Streaming audio leader Spotify stock (NYSE: SPOT) gained about 7% over the last week (five trading days) outperforming the S&P 500 which was up by about 2% over the same period. Although there hasn’t been much news specific to Spotify in recent days, the tech space, in general, has witnessed renewed investor interest, with the Nasdaq up by about 4% over the last week, amid lower than expected jobless claims and cooling inflationary pressures. So is Spotify stock poised to rally further or could it see a decline? Per our machine learning engine, which analyzes historical stock price data, Spotify stock has a 54% chance of a rise over the next one month (21 trading days) after gaining 7% in the last five trading days. The one-month expected return for the stock is about 4%. See our analysis Spotify Stock Chances of Rise for more details.
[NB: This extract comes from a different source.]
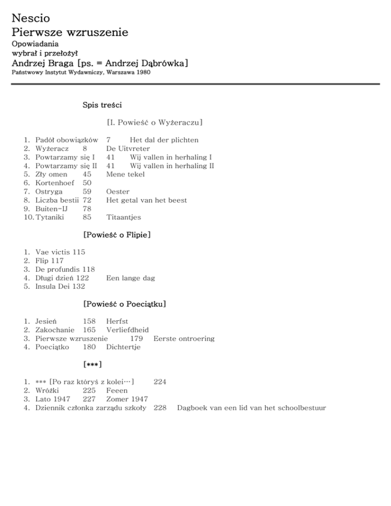Nescio Pierwsze wzruszenie Opowiadania wybrał i przełożył Andrzej Braga [ps. = Andrzej Dąbrówka] Państwowy Instytut Wydawniczy, Warszawa 1980 Spis treści [I. Powieść o Wyżeraczu] 1. Padół obowiązków 2. Wyżeracz 8 3. Powtarzamy się I 4. Powtarzamy się II 5. Zły omen 45 6. Kortenhoef 50 7. Ostryga 59 8. Liczba bestii 72 9. Buiten-IJ 78 10. Tytaniki 85 7 Het dal der plichten De Uitvreter 41 Wij vallen in herhaling I 41 Wij vallen in herhaling II Mene tekel Oester Het getal van het beest Titaantjes [Powieść o Flipie] 1. 2. 3. 4. 5. Vae victis 115 Flip 117 De profundis 118 Długi dzień 122 Insula Dei 132 Een lange dag [Powieść o Poeciątku] 1. 2. 3. 4. Jesień 158 Herfst Zakochanie 165 Verliefdheid Pierwsze wzruszenie 179 Eerste ontroering Poeciątko 180 Dichtertje [***] 1. 2. 3. 4. *** [Po raz któryś z kolei…] 224 Wróżki 225 Feeen Lato 1947 227 Zomer 1947 Dziennik członka zarządu szkoły 228 Dagboek van een lid van het schoolbestuur

That said, the longer-term outlook for Spotify remains mixed. While Spotify trades at about 4x projected 2021 revenues, below the 7.5x streaming video behemoth Netflix NFLX trades at, we have some concerns. Spotify’s monthly active user growth has been slowing down amid mounting competition from platform players such as Apple AAPL and Amazon AMZN - who have much more muscle in terms of financial resources and software ecosystems, and regional players - who have a better understanding of regional tastes. MAUs stood at 356 million users in Q1, a slower than expected growth of 24% versus last year. The full-year outlook was also disappointing, with the company expected to grow users at 19% at the midpoint of guidance. Moreover, driving meaningful profitability, in the long run, remains a concern for a couple of reasons. Spotify pays a chunk of its revenues to music rights holders, and its payments are tied to metrics such as play counts. This means that as revenues scale-up, payments will likely rise, too. Although Spotify is investing big in original content such as podcasts in order to differentiate itself and improve its leverage, this will increase cash costs in the near term.